In this work, we prove rigorous error estimates for a hybrid method introduced in [15] for solving the time-dependent radiation transport equation (RTE). The method relies on a splitting of the kinetic distribution function for the radiation into uncollided and collided components. A high-resolution method (in angle) is used to approximate the uncollided components and a low-resolution method is used to approximate the the collided component. After each time step, the kinetic distribution is reinitialized to be entirely uncollided. For this analysis, we consider a mono-energetic problem on a periodic domains, with constant material cross-sections of arbitrary size. To focus the analysis, we assume the uncollided equation is solved exactly and the collided part is approximated in angle via a spherical harmonic expansion ($\text{P}_N$ method).
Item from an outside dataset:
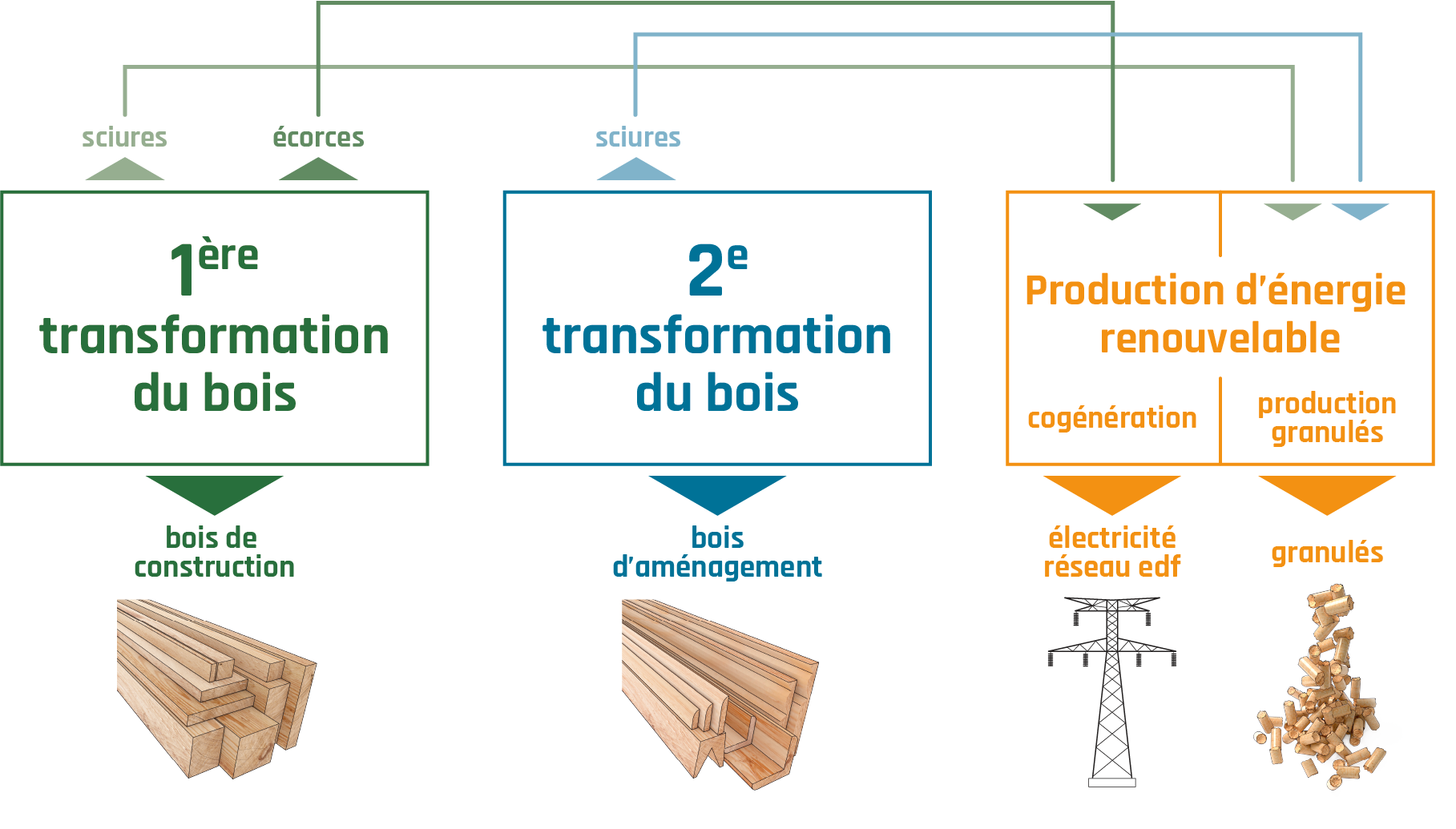 At the backbone of its business model, Groupe SIAT early decided that all raw material would be transformed on site. Throughout the product manufacturing process, bark and sawdust are recovered for valorisation. The bark feeds the cogeneration and will generate green electricity. The sawdust is dried, compressed, and valorised as pellets.

Using a non-standard set of semi-norms, we obtain estimates of the form $C(\varepsilon,\sigma,\Delta t)N^{-s}$ where $s\geq 1$ denotes the regularity of the solution in angle, $\varepsilon$ and $\sigma$ are scattering parameters, $\Delta t$ is the time-step before reinitialization, and $C$ is a complicated function of $\varepsilon$, $\sigma$, and $\Delta t$. These estimates involve analysis of the multiscale RTE that includes, but necessarily goes beyond, usual spectral analysis. We also compute error estimates for the monolithic $\text{P}_N$ method with the same resolution as the collided part in the hybrid. Our results highlight the benefits of the hybrid approach over the monolithic discretization in both highly scattering and streaming regimes.

翻译：本文对文献[15]中提出的求解时变辐射传输方程（RTE）的混合方法建立了严格的误差估计。该方法基于将辐射的动力学分布函数分裂为未碰撞分量和碰撞分量：采用高分辨率（角度方向）方法近似未碰撞分量，采用低分辨率方法近似碰撞分量。在每个时间步后，动力学分布被重新初始化为完全未碰撞状态。本分析考虑周期域上的单能问题，材料截面为任意大小的常数。为聚焦分析，假设未碰撞方程被精确求解，碰撞部分通过球谐展开（$\text{P}_N$方法）在角度方向上进行近似。通过使用一组非标准半范数，我们得到形如$C(\varepsilon,\sigma,\Delta t)N^{-s}$的估计，其中$s\geq 1$表示解在角度方向的正则性，$\varepsilon$和$\sigma$为散射参数，$\Delta t$为重新初始化前的时间步长，$C$为关于$\varepsilon$、$\sigma$和$\Delta t$的复杂函数。这些估计涉及对包含但超越常规谱分析的多尺度RTE的分析。我们还计算了与混合方法中碰撞部分具有相同分辨率的整体$\text{P}_N$方法的误差估计。结果凸显了混合方法在高散射和流占优两种情况下相对于整体离散化的优势。